Task inputs:
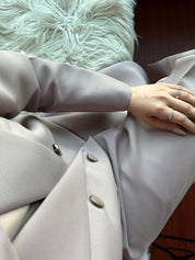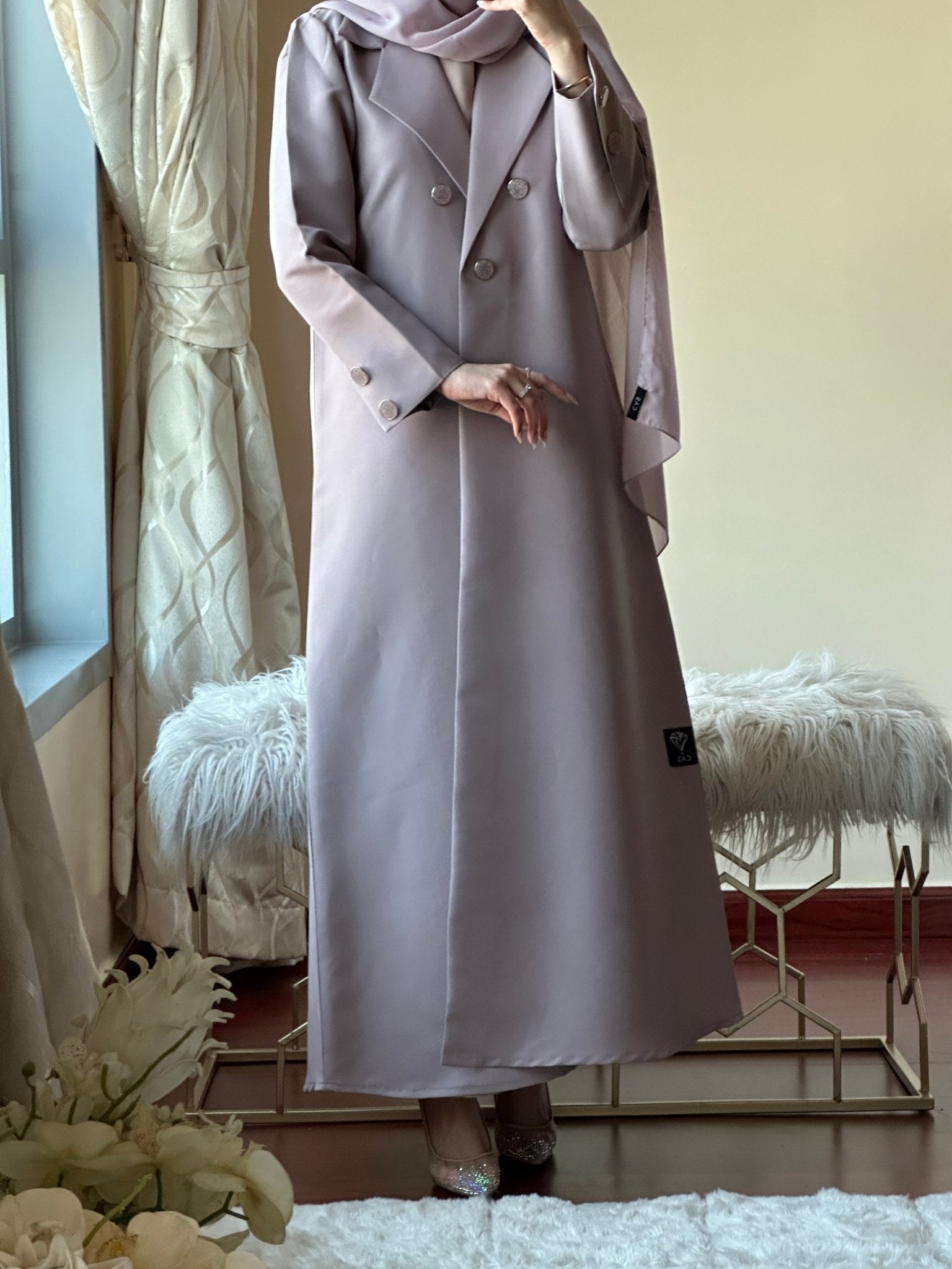 Luxurious beige coat style abaya featuring an oversized-buttoned silhouette, puffed shoulders, and cuffs on the sleeves.
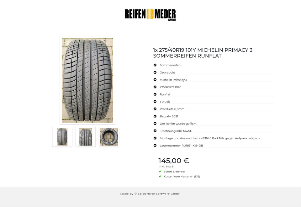 Der Reifen ist aus der Produktion 2021. Die Profiltiefe beträgt 6,5mm.
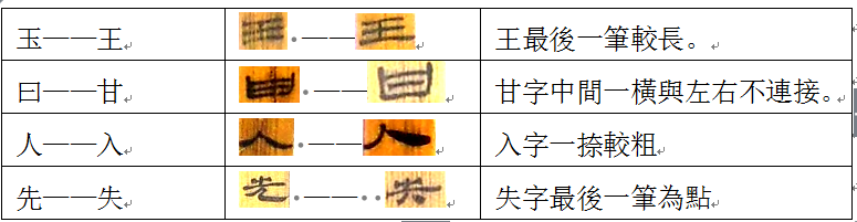 表3:北大簡《老子》中的四組形近字及其區(qū)別特徵
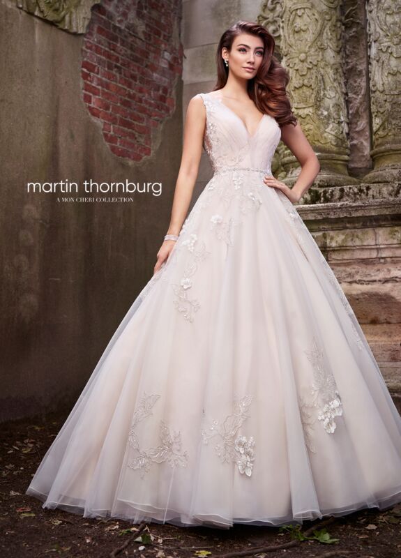 This Martin Thornburg 119256 Brianna ivory champagne wedding dress features an A-line silhouette in tulle and organza, with a V-neckline and an open V-back. Metallic lace appliques embellish the ruched bodice and the gathered skirt, finished with a beaded waistband, illusion sides and a cathedral train
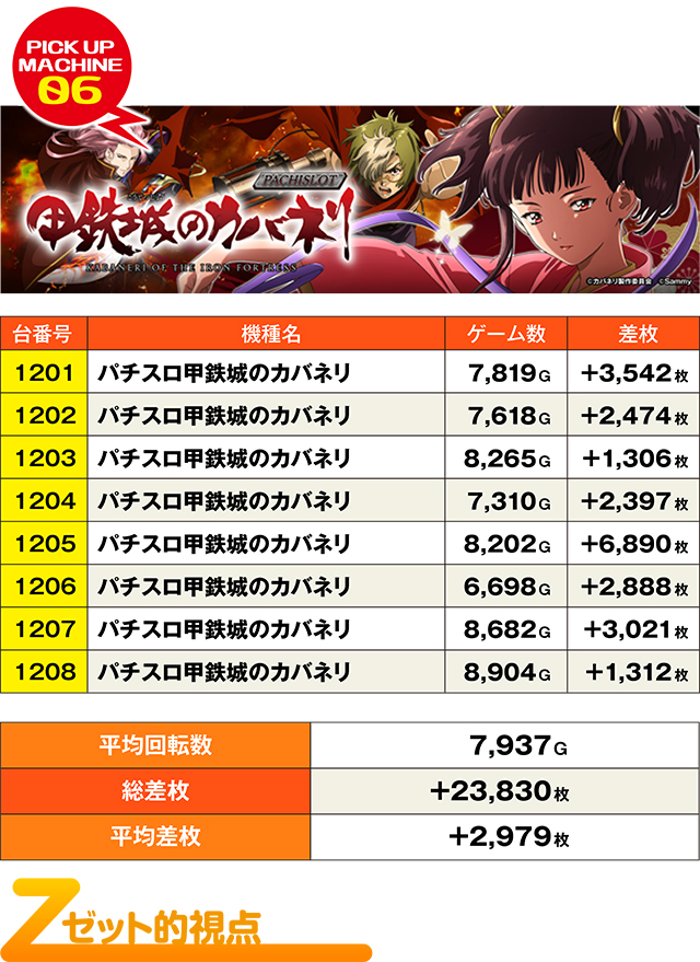 『パチスロ甲鉄城のカバネリ』の8台から成る列は、なんと8台ともがプラス差枚!さらにこの8台の平均差枚は+3,000枚に迫る好記録だった!
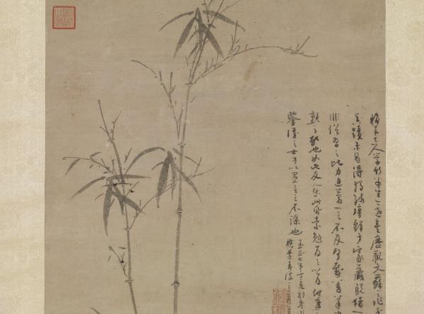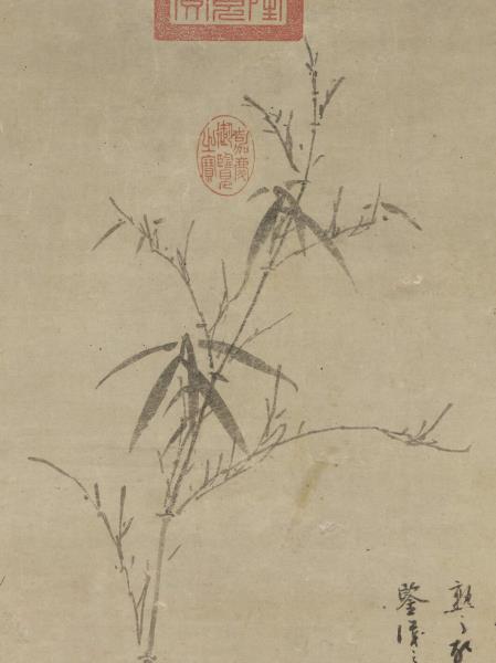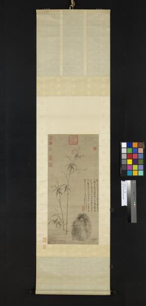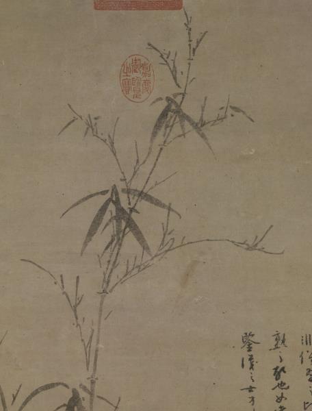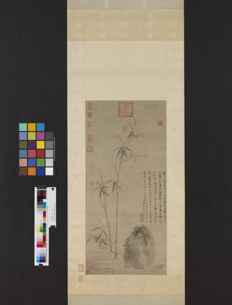 吳鎮存世之作幾為墨畫,晚年墨竹作品尤為多,由於作品上留有大量的題語,顯露出個人繪畫思想乃至一生學養,【註2】其中又以<竹譜冊>為著。元代由於大環境的改變,文人好寫「三友圖」,以松竹梅表達象徵意義,【註3】或寄託情懷,吳鎮亦有言「墨戲之作,蓋士大夫詞翰之餘,適一時之興趣也」。【註4】然審視此軸,實為筆墨?熟之瀟灑佳作,非僅一時隨興之墨戲。竹幹、岐枝皆下筆圓健,竹枝勁利,稍帶迴鋒,儘管分枝多、發葉少,但葉隨枝生,生態盎然;淡墨石以臥筆混點。幅中之墨色皆不濃重,顯現一種平淡沖和的色感。竹石間,吳鎮以流暢有力,墨色較濃重的行筆題下款識,畫面益顯沈穩。和<竹譜冊>相較,此圖乃其精心之作。(張華芝)
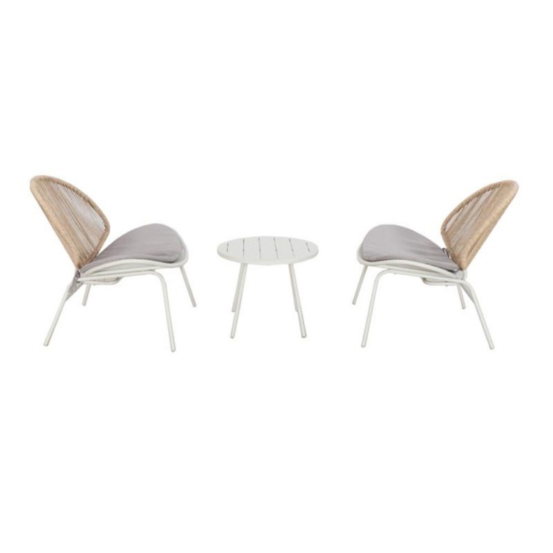 SILLON ACERO RATAN SINTETICO 2U + MESITA HAWAI BLANCO-BAMBU
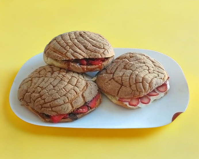 Deliciosas conchas rellenas con fresa natural y un topping a elegir
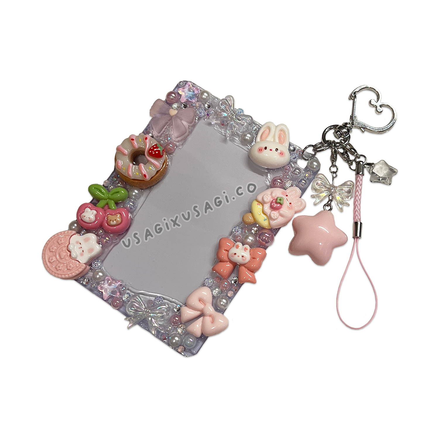 Treat your collection to something extra sweet with this bunny & dessert–themed decoden toploader! 🐇💕 Featuring a cute bunny charm surrounded by tiny dessert accents like cakes, donuts, and pastel treats, this design is perfect for showing off your favorite photocards, polaroids, or mini prints in the cutest way possible.
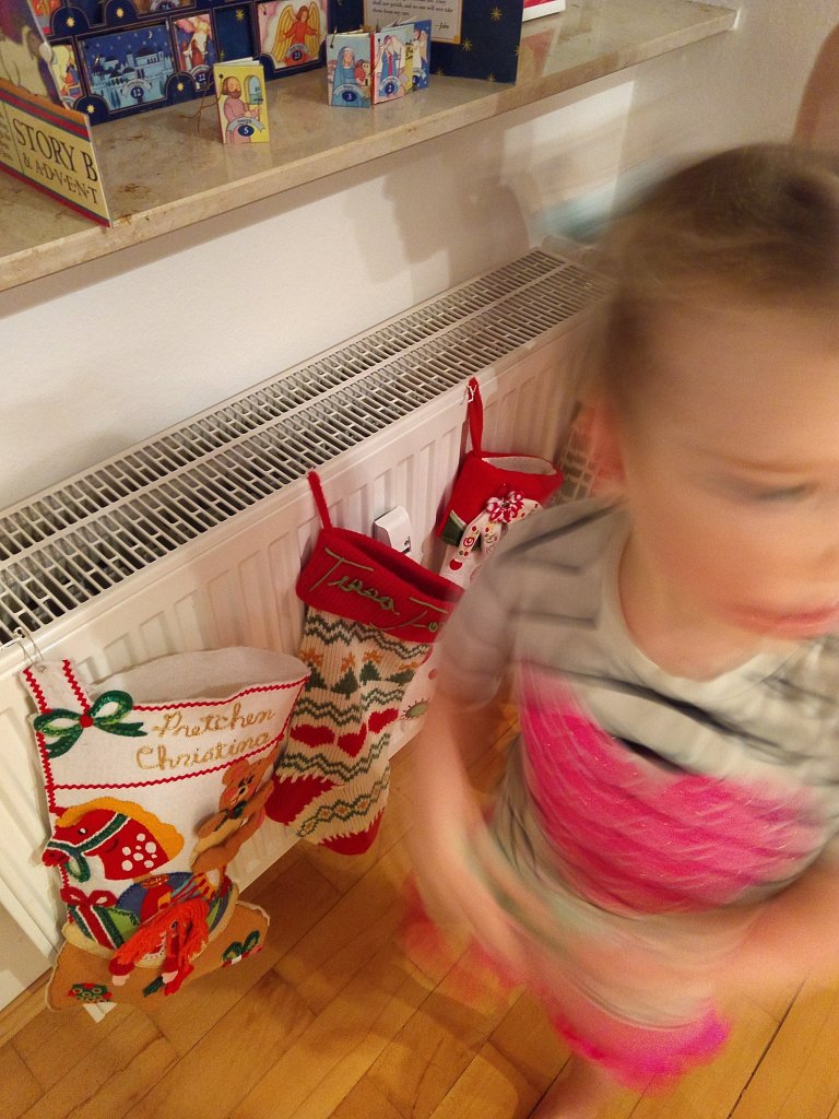 This is the holiday when St. Nick comes and fills children’s stockings (if they’ve left him a sweet treat). We thought we’d give it a try and put our stockings on our radiator with a few pfeffernüsse.
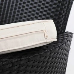 De tuinbank van Casaria is een stijlvolle toevoeging aan jouw buitenruimte. De bank in een moderne, tijdloze look maakt indruk met zijn ingewikkeld handgeweven polyrattan weefsel in een edele zwarte look. Een bijzonder hoogtepunt is de geïntegreerde tafel met polywood tafelblad en opbergbox. Plaats jouw drankjes, smartphone, tablet of andere gebruiksvoorwerpen op het elegante tafelblad of berg ze op in de box. Het gepoedercoate frame van robuust staal kan tot 120 kg per kant dragen. De comfortabele zitkussens hebben een hoge schuimdichtheid en gramgewicht. De stoelhoezen zijn waterafstotend, afneembaar en wasbaar. Polyrattan is een zeer stabiele, gelijkmatig gewikkelde kunststofvezel die speciaal is ontwikkeld voor tuinmeubelen. Het is weerbestendig, UV-lichtbestendig, vuilafstotend en gemakkelijk te reinigen.
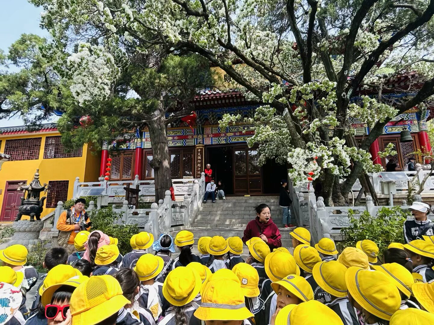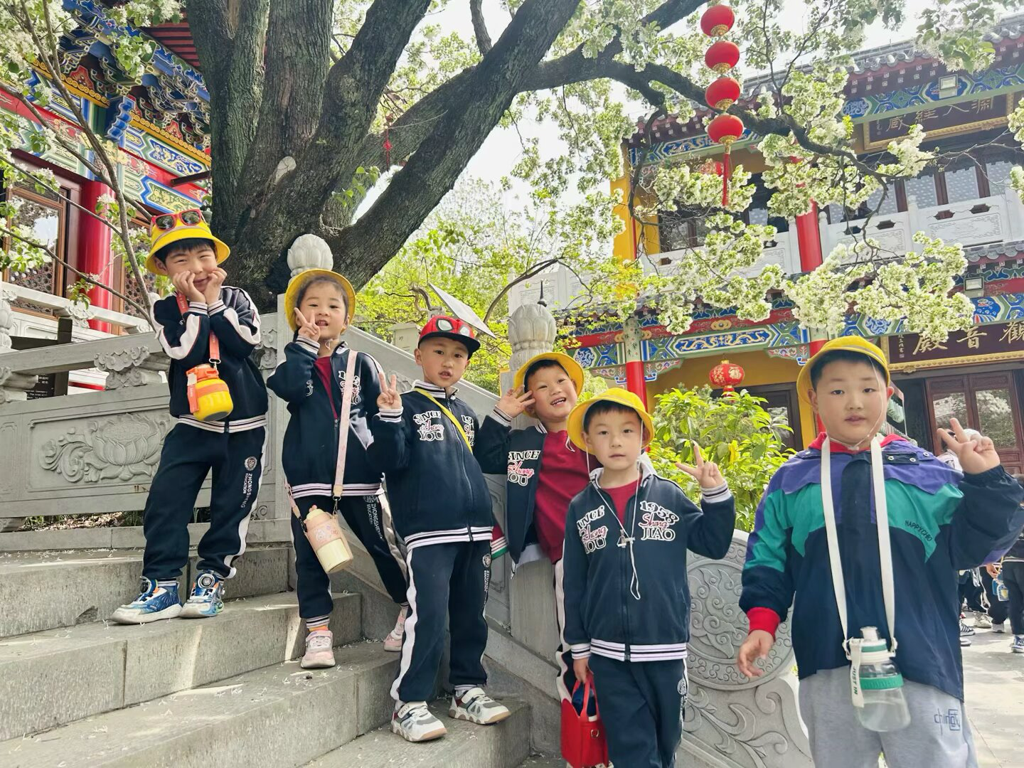 小朋友们头戴小黄帽,排着整齐的队伍,眼中满是好奇与兴奋。在讲解员的带领下,大家先是参观了充满文化气息的场馆。墙上的历史故事、名人典故,仿佛一幅幅鲜活的画卷在孩子们眼前展开,他们认真倾听,不时发出惊叹,在心中种下了求知的种子。走出场馆,大自然的美景又让孩子们陶醉。古老的建筑在绿树繁花的映衬下更显神秘,孩子们在草地上嬉笑玩耍,感受着春风的轻抚,体会着与伙伴们一同探索的快乐。
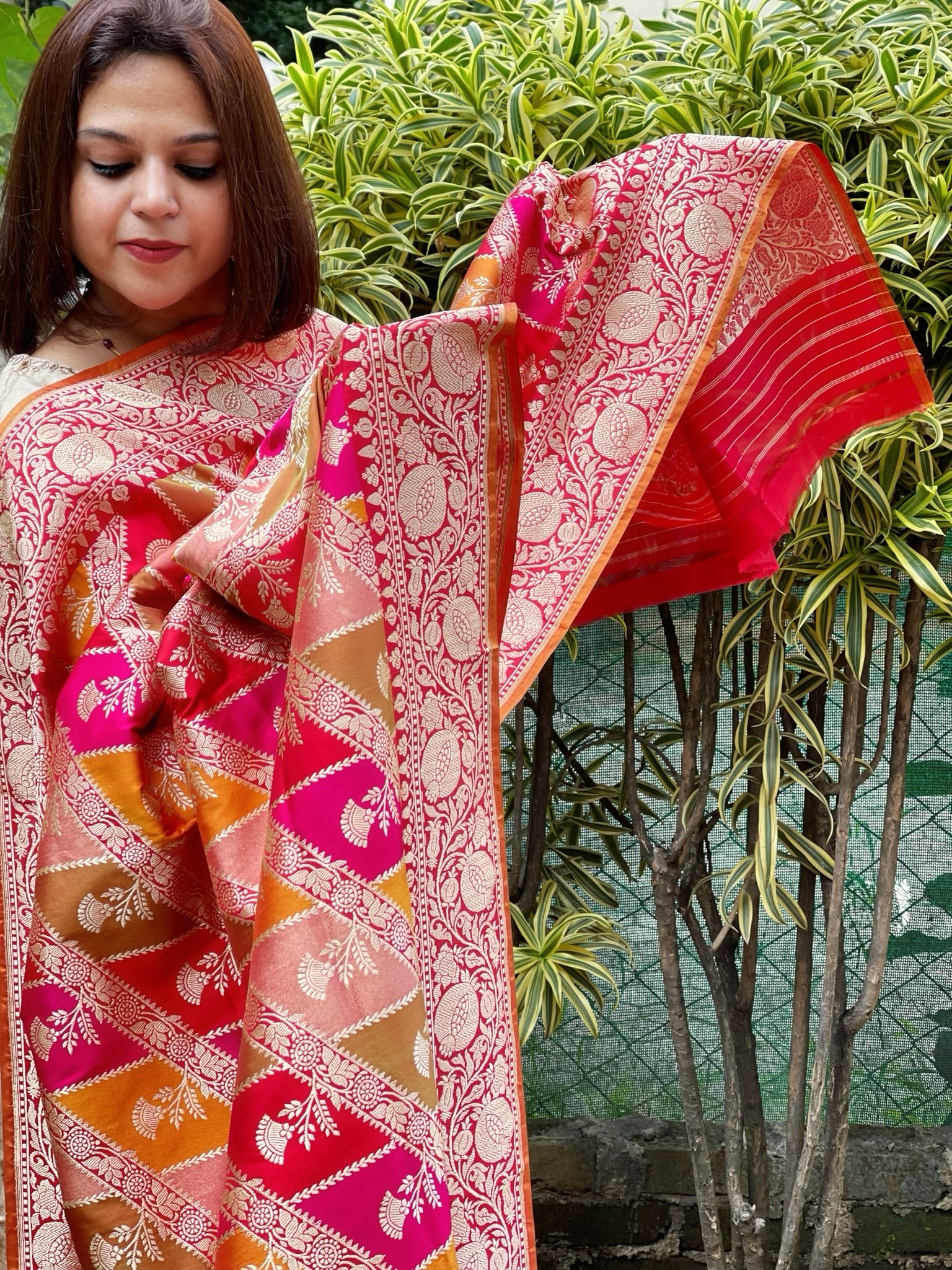 Experience the elegance of tradition with this Royal Handwoven Banarasi Rangkhat Dupatta crafted from pure Katan silk. Featuring intricate Kadhwa hand weaving, it showcases the rich heritage and exceptional craftsmanship of Banarasi textiles.
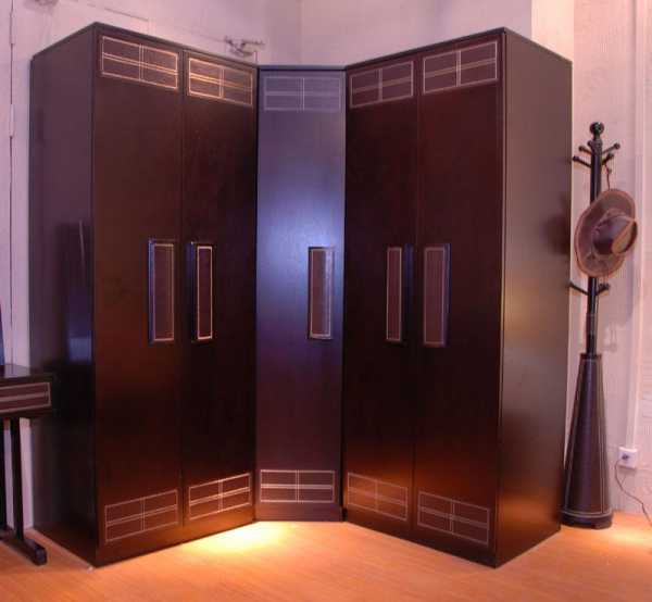 - учитывая массивность подобной конструкции, внешнему виду шкафа угловой формы придается ключевое значение при обустройстве комнаты.

What is expected:
Restate the data above verbatim, skipping every image.

Solution below:
 Luxurious beige coat style abaya featuring an oversized-buttoned silhouette, puffed shoulders, and cuffs on the sleeves.
 Der Reifen ist aus der Produktion 2021. Die Profiltiefe beträgt 6,5mm.
 表3:北大簡《老子》中的四組形近字及其區(qū)別特徵
 This Martin Thornburg 119256 Brianna ivory champagne wedding dress features an A-line silhouette in tulle and organza, with a V-neckline and an open V-back. Metallic lace appliques embellish the ruched bodice and the gathered skirt, finished with a beaded waistband, illusion sides and a cathedral train
 『パチスロ甲鉄城のカバネリ』の8台から成る列は、なんと8台ともがプラス差枚!さらにこの8台の平均差枚は+3,000枚に迫る好記録だった!
 吳鎮存世之作幾為墨畫,晚年墨竹作品尤為多,由於作品上留有大量的題語,顯露出個人繪畫思想乃至一生學養,【註2】其中又以<竹譜冊>為著。元代由於大環境的改變,文人好寫「三友圖」,以松竹梅表達象徵意義,【註3】或寄託情懷,吳鎮亦有言「墨戲之作,蓋士大夫詞翰之餘,適一時之興趣也」。【註4】然審視此軸,實為筆墨?熟之瀟灑佳作,非僅一時隨興之墨戲。竹幹、岐枝皆下筆圓健,竹枝勁利,稍帶迴鋒,儘管分枝多、發葉少,但葉隨枝生,生態盎然;淡墨石以臥筆混點。幅中之墨色皆不濃重,顯現一種平淡沖和的色感。竹石間,吳鎮以流暢有力,墨色較濃重的行筆題下款識,畫面益顯沈穩。和<竹譜冊>相較,此圖乃其精心之作。(張華芝)
 SILLON ACERO RATAN SINTETICO 2U + MESITA HAWAI BLANCO-BAMBU
 Deliciosas conchas rellenas con fresa natural y un topping a elegir
 Treat your collection to something extra sweet with this bunny & dessert–themed decoden toploader! 🐇💕 Featuring a cute bunny charm surrounded by tiny dessert accents like cakes, donuts, and pastel treats, this design is perfect for showing off your favorite photocards, polaroids, or mini prints in the cutest way possible.
 This is the holiday when St. Nick comes and fills children’s stockings (if they’ve left him a sweet treat). We thought we’d give it a try and put our stockings on our radiator with a few pfeffernüsse.
 De tuinbank van Casaria is een stijlvolle toevoeging aan jouw buitenruimte. De bank in een moderne, tijdloze look maakt indruk met zijn ingewikkeld handgeweven polyrattan weefsel in een edele zwarte look. Een bijzonder hoogtepunt is de geïntegreerde tafel met polywood tafelblad en opbergbox. Plaats jouw drankjes, smartphone, tablet of andere gebruiksvoorwerpen op het elegante tafelblad of berg ze op in de box. Het gepoedercoate frame van robuust staal kan tot 120 kg per kant dragen. De comfortabele zitkussens hebben een hoge schuimdichtheid en gramgewicht. De stoelhoezen zijn waterafstotend, afneembaar en wasbaar. Polyrattan is een zeer stabiele, gelijkmatig gewikkelde kunststofvezel die speciaal is ontwikkeld voor tuinmeubelen. Het is weerbestendig, UV-lichtbestendig, vuilafstotend en gemakkelijk te reinigen.
 小朋友们头戴小黄帽,排着整齐的队伍,眼中满是好奇与兴奋。在讲解员的带领下,大家先是参观了充满文化气息的场馆。墙上的历史故事、名人典故,仿佛一幅幅鲜活的画卷在孩子们眼前展开,他们认真倾听,不时发出惊叹,在心中种下了求知的种子。走出场馆,大自然的美景又让孩子们陶醉。古老的建筑在绿树繁花的映衬下更显神秘,孩子们在草地上嬉笑玩耍,感受着春风的轻抚,体会着与伙伴们一同探索的快乐。
 Experience the elegance of tradition with this Royal Handwoven Banarasi Rangkhat Dupatta crafted from pure Katan silk. Featuring intricate Kadhwa hand weaving, it showcases the rich heritage and exceptional craftsmanship of Banarasi textiles.
 - учитывая массивность подобной конструкции, внешнему виду шкафа угловой формы придается ключевое значение при обустройстве комнаты.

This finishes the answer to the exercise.